Let the set $S_n=\{n< s< 2n : f(s)\leq 2n\}$, for any $n\in\mathbb N$.

If you take the mean of $\frac{f(s)}{s}$ for each element $s \in S_n$, empirical results for $n \leq 10^8$ strongly suggest that this mean converges:

$$\lim_{n\to\infty} \left(\frac{1}{|S_n|}\sum_{s \in S_n} \frac{f(s)}{s}\right)=\frac{\log 2^{\pi}}{\log {2\pi}}\approx 1.18484.$$

$$$$

Can anyone explain why this should be so? My motivation in asking is as part of a larger study of the behavior of $f$, and this result seems too nice and tidy to ignore without investigation. If anyone can explain the origin of the RHS term, or show that it is not a limit after all, I'll consider this question answered.
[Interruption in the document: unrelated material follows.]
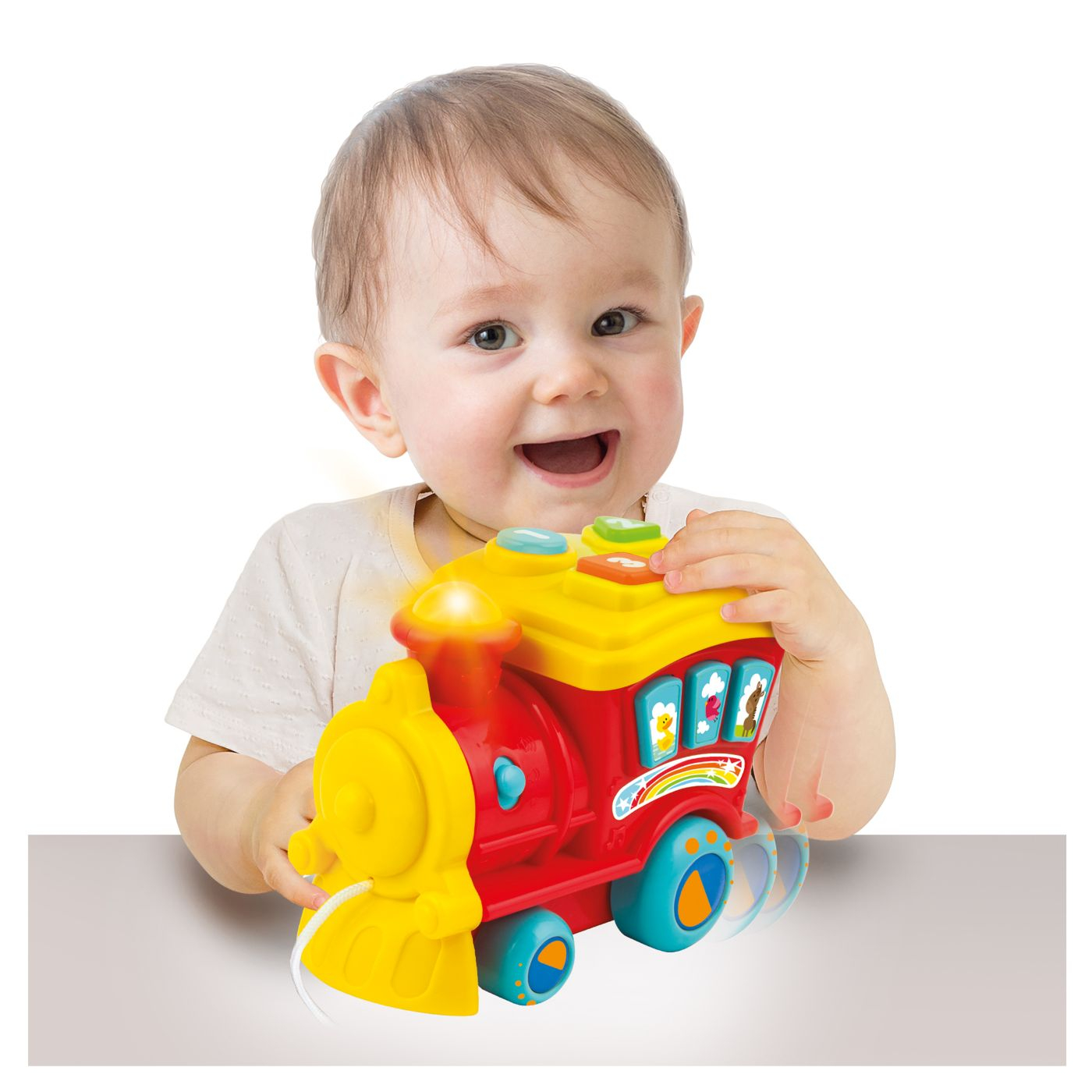 Trenuletul cu sunete de la Winfun ofera ore intregi de distractie si invatare. Aceasta jucarie poate fi trasa de copii, activand lumini intermitente si efecte sonore amuzante. Prin apasarea butoanelor numerotate de la 1 la 4 si a celor cu animale, copilul va invata sa identifice cifre si sa recunoasca sunetele specifice animalelor. Melodiile vesele si efectele sonore stimuleaza auzul si curiozitatea, iar designul viu colorat atrage atentia micutului tau. Ideal pentru dezvoltarea abilitatilor motorii si cognitive, trenuletul devine un partener perfect de joaca pentru cei mici, oferind ore intregi de explorare si veselie.

As a rough picture of what empirical results I'm referring to, here's a plot of this mean as $n$ increases by a factor of $1.1$ each step to nearly $10^8$:

plot

It appears convincingly centered around $\frac{\log{2^\pi}}{\log{2\pi}}$, which seems much more plausible than any other nearby constants I could find, and it's varying by around $10^{-6}$ at the tail end there.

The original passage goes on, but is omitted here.